Finding the longest increasing subsequence within a sequence of numbers is a classic problem that reveals the practical power of dynamic programming. This challenge appears in fields ranging from bioinformatics, where it helps identify patterns in genetic sequences, to finance, where it can model trends in fluctuating markets. By breaking the problem into smaller, overlapping subproblems, dynamic programming stores intermediate results to avoid redundant calculations, transforming an exponential brute-force search into a manageable polynomial-time solution.
Understanding the Longest Increasing Subsequence
A subsequence is derived by deleting zero or more elements from a sequence without changing the order of the remaining elements. The goal of the longest increasing subsequence, or LIS, is to find the subsequence where every element is strictly larger than the one before it, and the length of this subsequence is maximized. For example, within the sequence [10, 9, 2, 5, 3, 7, 101, 18], one valid increasing subsequence is [2, 3, 7, 101], and this happens to be the longest, giving a length of 4.

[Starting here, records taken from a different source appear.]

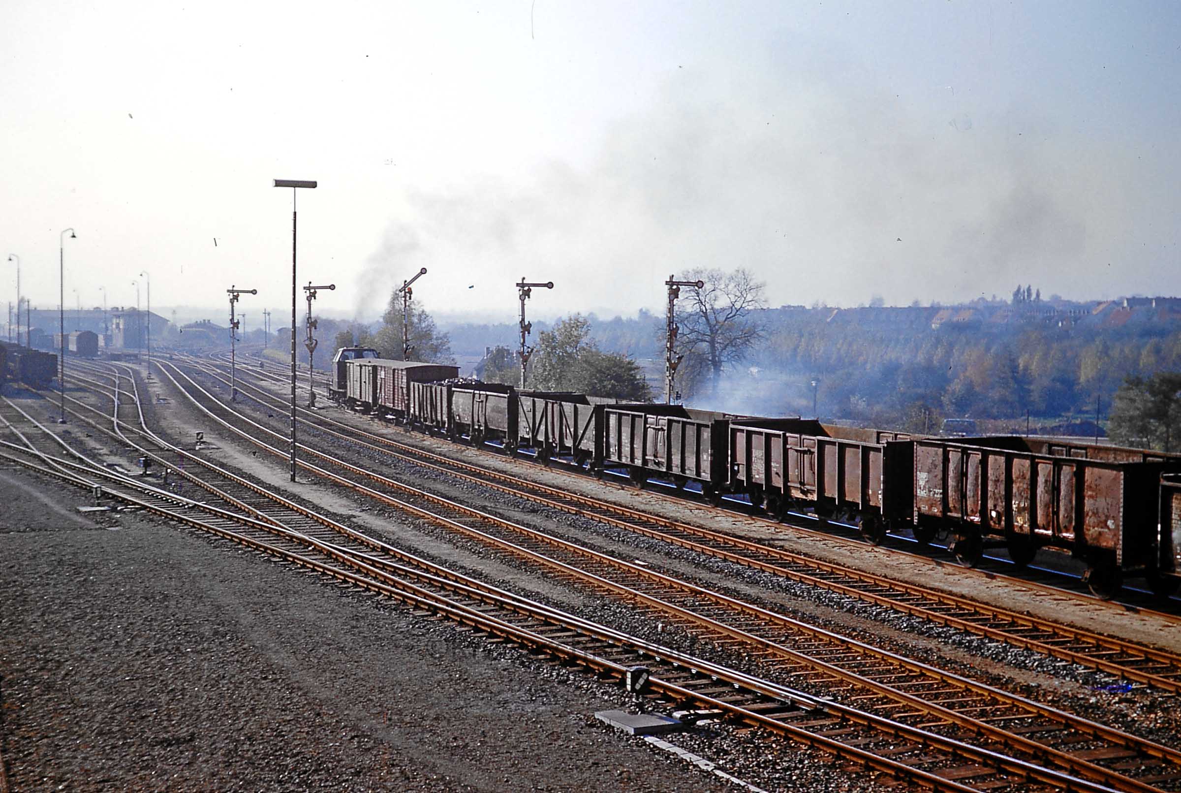 Bf Oldesloe Ausfahrt V3.022 mit Güterzug 1966
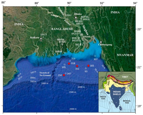 Ganga–Brahmaputra sediments reaching Bangladesh appear to be subequally partitioned among the delta plain, the prograding subaqueous delta, and the deep-sea fan []. The subaerial and submarine delta combined cover 138,000 km2, with total annual water and sediment fluxes from the Meghna estuary being around 970 km3 and 1.7 × 106 t, respectively [,]. Most of the water and nearly all of the sediment are delivered during the summer monsoon season. Suspended load consists of fine to medium silt entrained close to the surface of the channel, passing to coarse and very coarse sandy silt at depth and to silty sand close to the channel bottom. Bedload is typically fine-grained well-sorted sand, and clay does not represent more than ~10%, even in surface load [,].
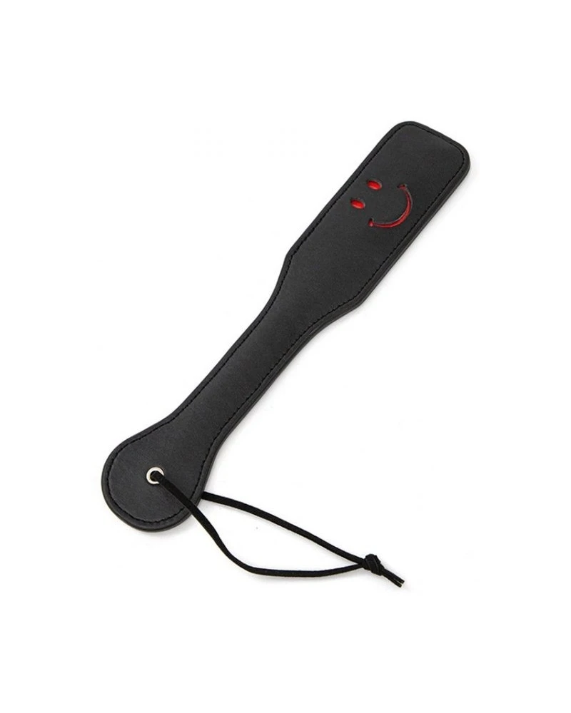 Ce paddle Smile Spank est un accessoire de 32cm de longueur totale avec un smiley souriant.Il amène du fun dans le le moment SM. La partie haute mesure 14cm de longueur avec une largeur de 6cm.Il est fabriqué en simili
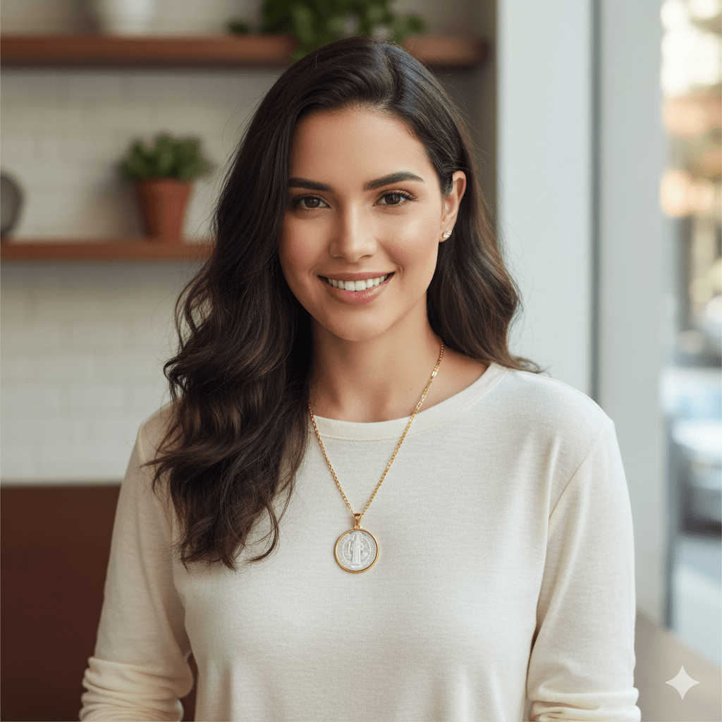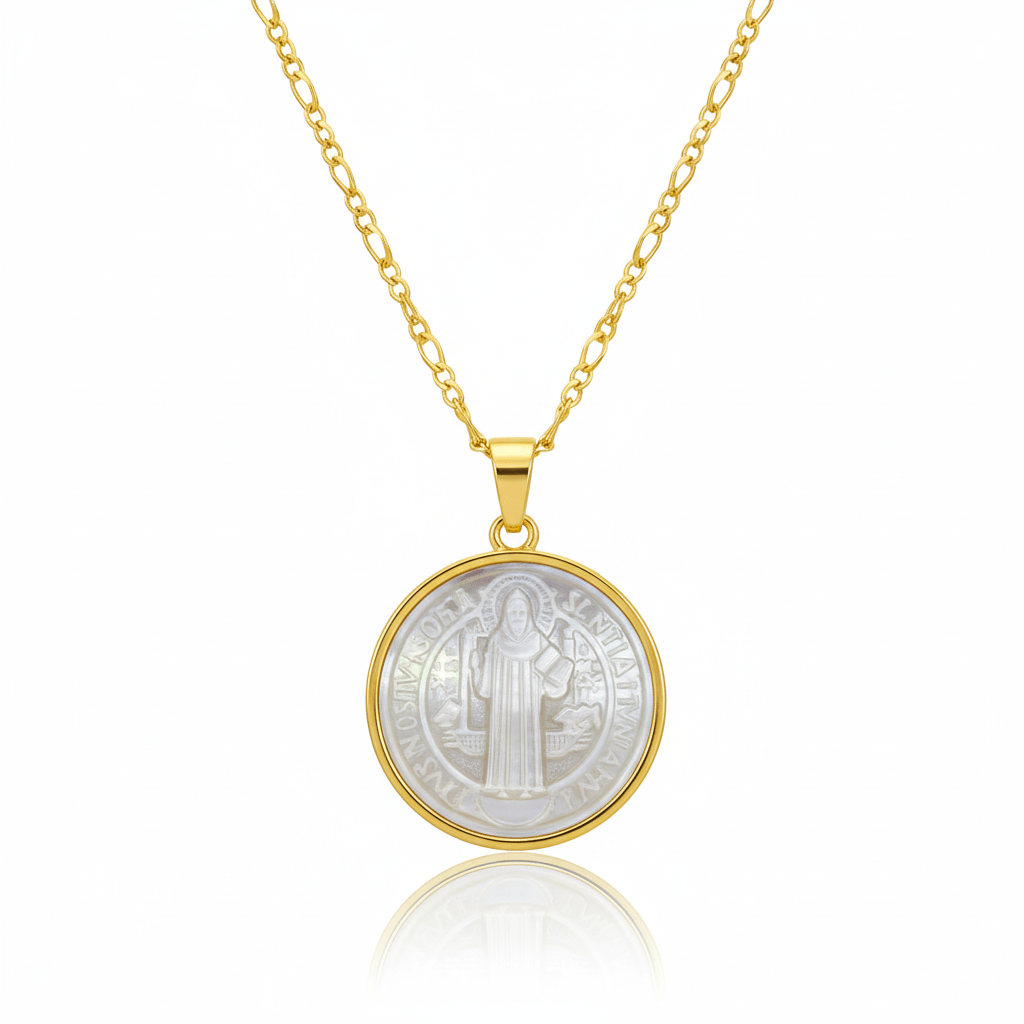 Mother of Pearl St Benedict Medal Necklace - Guadalupe Gifts
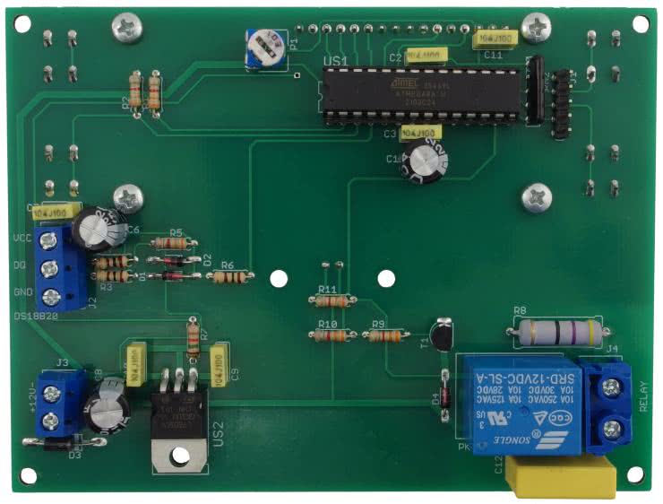 Poprawnie zaprogramowany układ jest gotowy do działania po ustawieniu kontrastu wyświetlacza potencjometrem P1. Do zasilania powinno służyć napięcie stałe o wartości około 12 V, a dokładniej z przedziału 10…16 V. Takie granice uwzględniają zakres prawidłowej pracy przekaźnika (z uwzględnieniem spadku napięcia na diodzie D3 i tranzystorze T1) w temperaturze 20°C. Warto, aby owe napięcie było dobrze filtrowane, a najlepiej stabilizowane. Pobór prądu przy 12 V wynosi około 15 mA przy wyłączonym przekaźniku oraz około 50 mA, kiedy cewka zostanie załączona. Do zacisków złącza J2 należy podłączyć czujnik typu DS128B20, zgodnie z opisami na płytce. Może to być gotowy moduł: z podwójnie izolowanymi przewodami, z samym czujnikiem hermetycznie zaciśniętym w metalowej rurce.
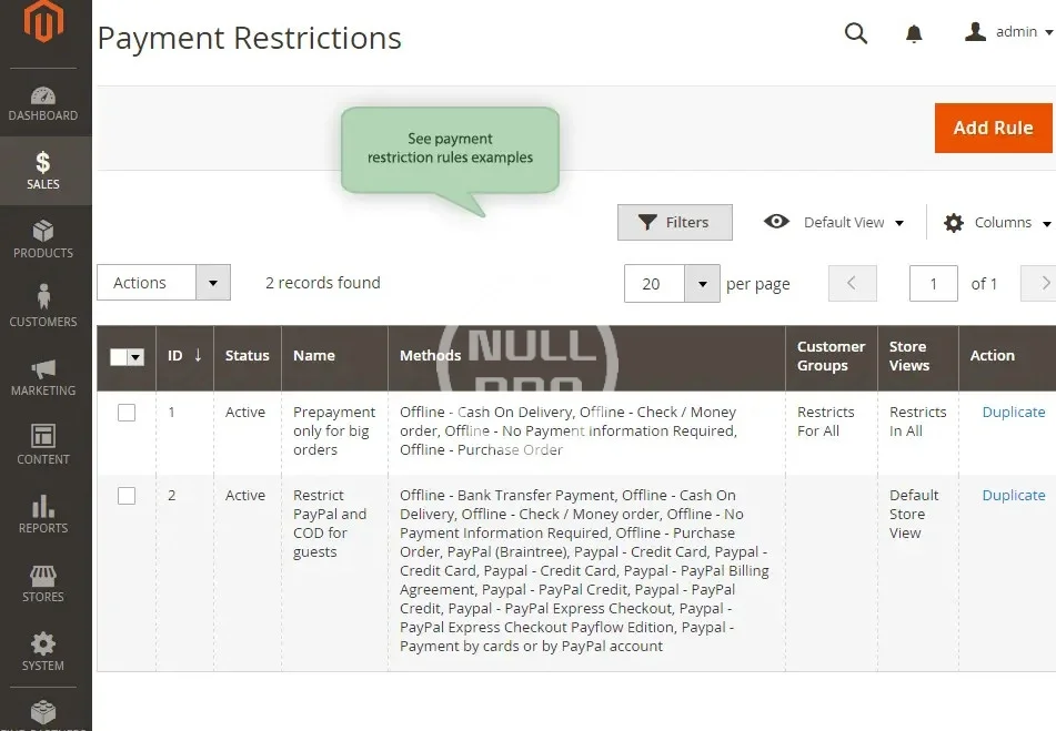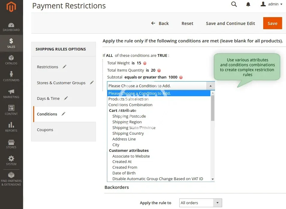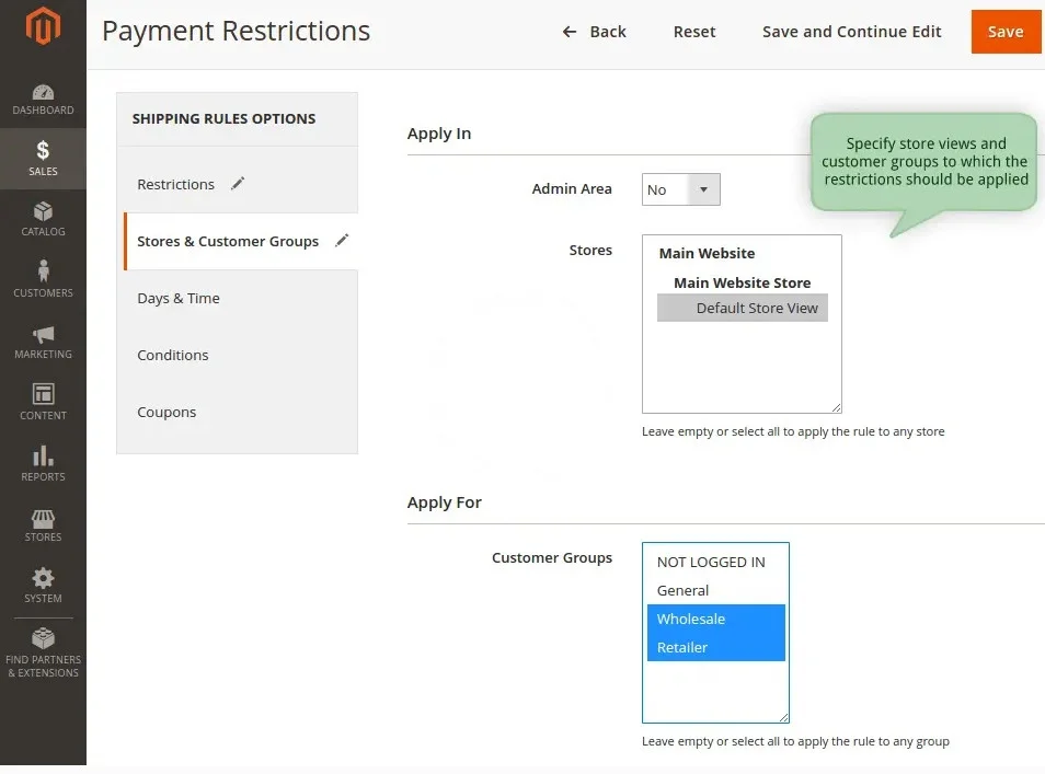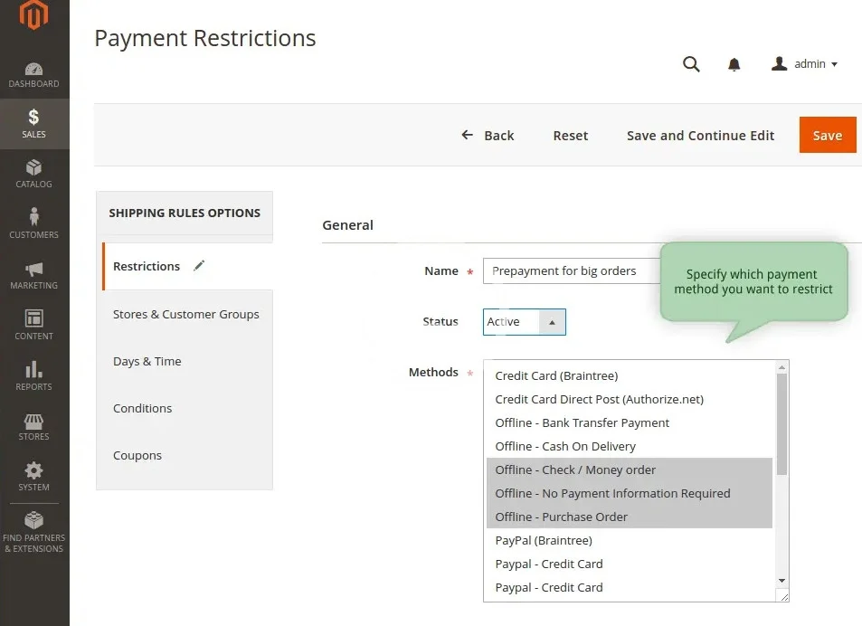 Effectively manage payments in your store. Feel free to restrict payment methods by shipping address, customer groups, store view or product attributes in Magento 2. Restrict cash on delivery, check/money order etc.
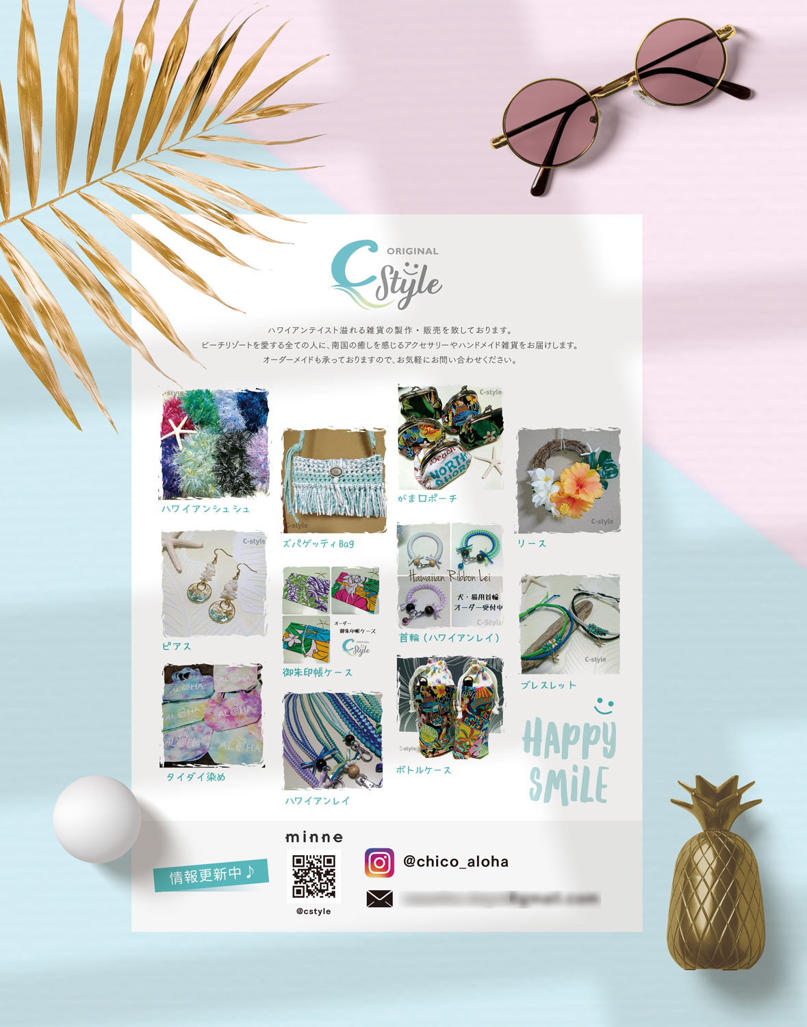 【ご要望】 ハワイアン系のハンドメイドが多いので、ハッピーで明るいイメージのロゴマークを作りたい。Instagramや名刺でも使っていきたいです。
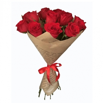 Красные розы в крафт упаковке | Доставка цветов Дубна
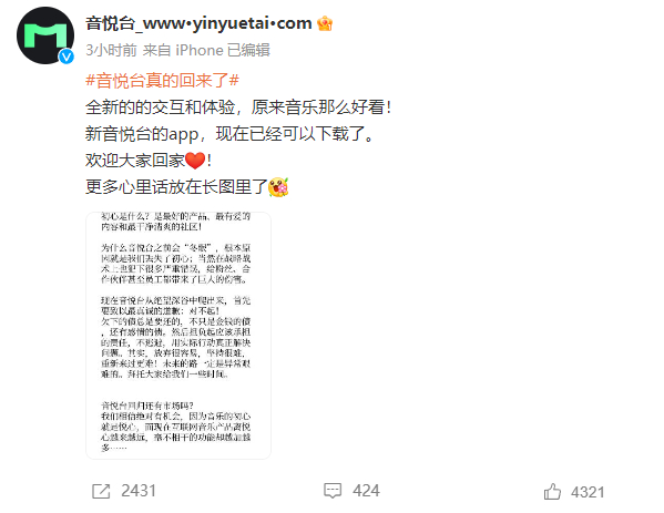 音悦台官方今日回应称,之所以选择“冬眠”,根本原因是音悦台丢失了初心,并在战略战术上出现了众多失误,迫于无奈才选择了短暂离开。
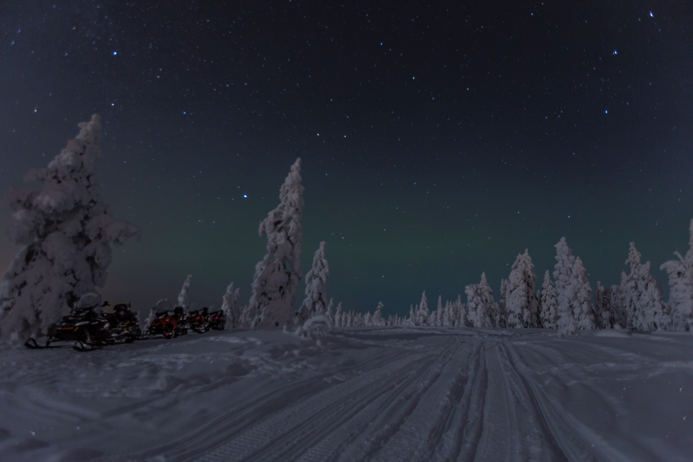 The irony was that I had tipped it just meters before the parking spot. Moments earlier I had been sitting inside a warm kota, sipping sweet hot fruit juice and roasting sausages, learning about the myths and realities of aurora borealis from our guide. Pete was outside, standing knee-high in a pile of snow, taking photo after photo, hoping to capture the elusive lights with his lens even though his eyes couldn’t see them. He burst back in to coax us out when the green had appeared. They were beginning, with no doubt, and our guide suggested that we pack up and head to higher ground.
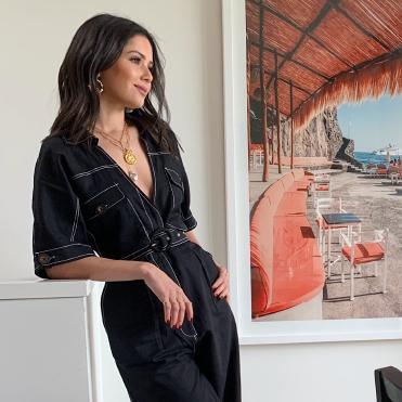 Nikki wears the Naomi Black Linen Jumpsuit and the Ines Linen Button Shirt.
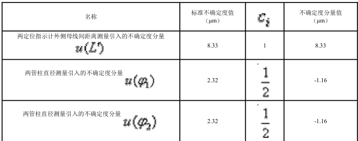 9、两管柱直径测量引入的不确定度分量
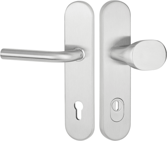HT-EN2-Schutz-Wechselgarnitur 1803 BASIC 03, mit Langschild 2089 KSH, Knopf 3128 gekröpft, Ausf.: PZW 92 mm, Türstärke 64 - 83 mm, mit Kernziehschutz für Zylinderüberstand 8 - 15 mm, Oberfl. 60 (Edelstahl matt)
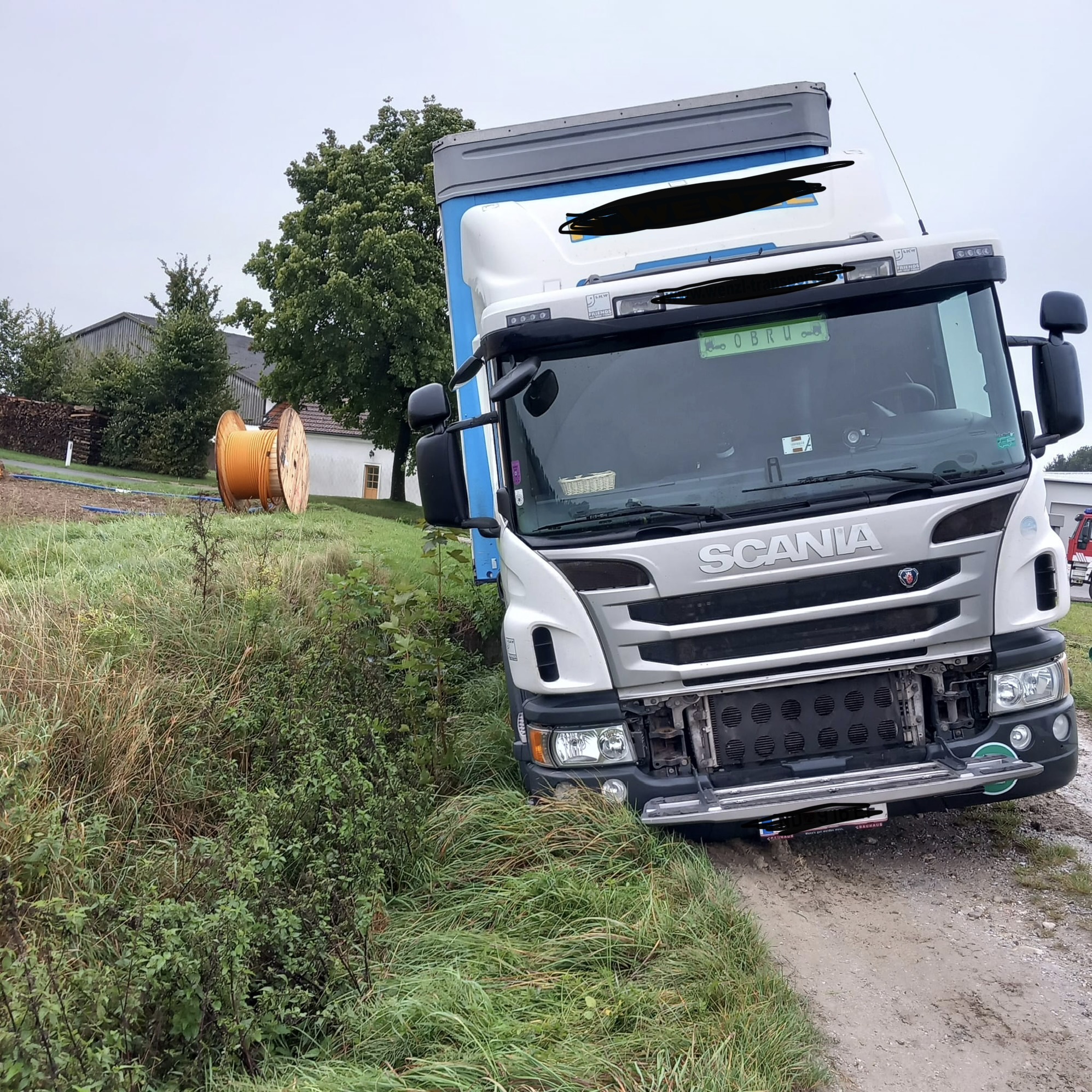 Am Donnerstag, den 25. September 2025 rutschte am Vormittag gegen halb 9 ein LKW in den Graben.

The Core Idea of Dynamic Programming
Dynamic programming solves complex problems by storing the results of intermediate states so they do not need to be recalculated. To apply this to the LIS problem, we define a state dp[i] that represents the length of the longest increasing subsequence ending at index i . The key insight is that to compute dp[i] , we only need to look at all previous indices j where the value is smaller than the current value, effectively building the solution incrementally from left to right.
Defining the Recurrence Relation
The mathematical relationship for filling the DP table is straightforward: for each index i , we initialize dp[i] to 1, since a single element is always a valid subsequence. We then iterate through all indices j from 0 to i-1 . If nums[j] , we update dp[i] to be the maximum of its current value and dp[j] + 1 . This ensures that dp[i] always holds the optimal length for the subsequence ending at that specific position.
Step-by-Step Algorithmic Walkthrough
Imagine processing the array [3, 10, 2, 1, 20]. We start with an array of ones, [1, 1, 1, 1, 1]. At index 1, the value 10 is greater than 3, so we update dp[1] to dp[0] + 1 , resulting in [1, 2, 1, 1, 1]. When we reach index 4 with the value 20, we compare it with 3, 10, and 2. Since 10 is the largest value smaller than 20, we take dp[1] (which is 2) and add 1, setting dp[4] to 3. The maximum value in the final DP array is 3, which is the length of the LIS [3, 10, 20].
Complexity Analysis and Optimization
More perspective on Longest increasing subsequence dynamic programming can make the topic easier to follow by connecting earlier points with a few simple takeaways.